Fort Worth Data Science MeetUp

03/11/2016

H2O Demonstration in R

Presented by: Matthew Landowski

H2O Overview

  • Open source machine learning platform
  • Written in Java (runs on the JVM)
  • In-memory distributed parallel processing
  • H2O Sparkling Water - Works with Spark
  • Can export models

H2O Built in Algorithms

  • (Gradient Boosted Machine) GBM
  • K-Means
  • Distributed Random Forest
  • Deep Learning
  • Generalized Linear Model (GLM)
  • Naive Bayes
  • Principle Component Analysis (PCA)

Setting Up a Cluster

flatfile.txt

192.168.1.163:54321
192.168.1.164:54321

Star H2O nodes with flat file

java -Xmx20g -jar h2o.jar -flatfile flatfile.txt -port 54321

Recommend:

  • nodes are identical (same cpu(s), memory, etc)
  • 10Gbit Ethernat or greater

H2O in R

Easy to install package

# Install h2o package.
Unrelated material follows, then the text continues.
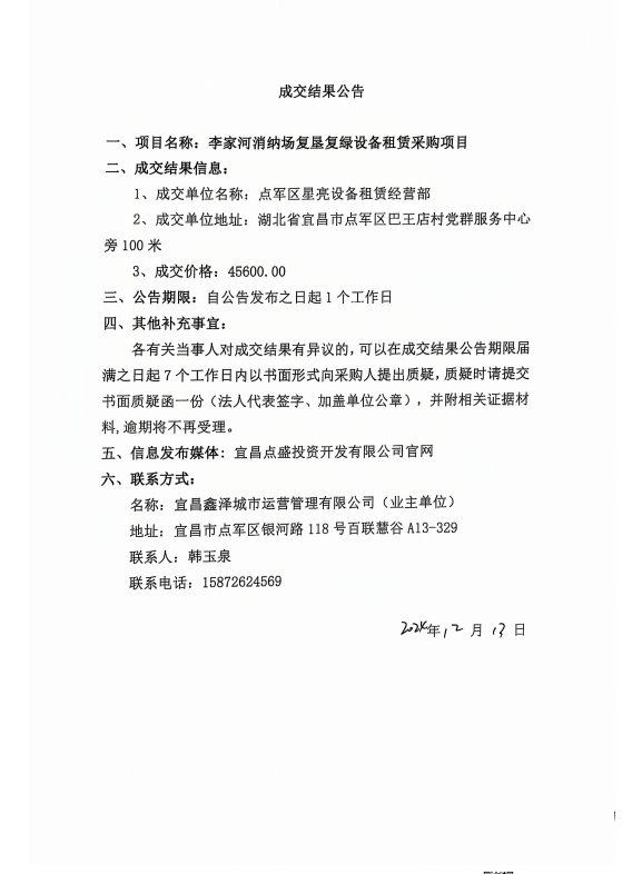 李家河銷(xiāo)鈉場(chǎng)復(fù)墾復(fù)綠設(shè)備租賃采購(gòu)項(xiàng)目成交公告

Downloads latest version.
# Client and server need same h2o version installed.
install.packages("h2o")

Easy to use

library(h2o)

# can define max memory size, threads (cpus), etc
h2o.init(max_mem_size = 24, nthreads = 3)
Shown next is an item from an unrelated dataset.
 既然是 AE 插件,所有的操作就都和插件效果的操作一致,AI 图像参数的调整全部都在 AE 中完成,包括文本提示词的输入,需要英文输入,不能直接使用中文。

# create h2o frame from R data frame
iris.h2o <- as.h2o(iris)

# Train a multinomial model on the training data
# x and y are vectors of column names or indices
fit <- h2o.gbm(x = 1:4, y = "Species", training_frame = iris.h2o)

DeepLearing in H2O

# train deel learning model
model.dl <- h2o.deeplearning(2:784, 1, training_frame = h2o.train, nfolds = 10)

# make predictions
h2o.predictions <- h2o.predict(model.dl, h2o.test)

Grid Search

Model optimization avaible with a built-in grid search.

grid <- h2o.grid("gbm", x = c(1:4), y = 5, training_frame = iris.hex,
                 hyper_params = list(ntrees = c(1,2,3)))

Summary

  • H2O is an easy to use machine learning framework
  • Powerful built in models
  • R, Python, and web intefaces available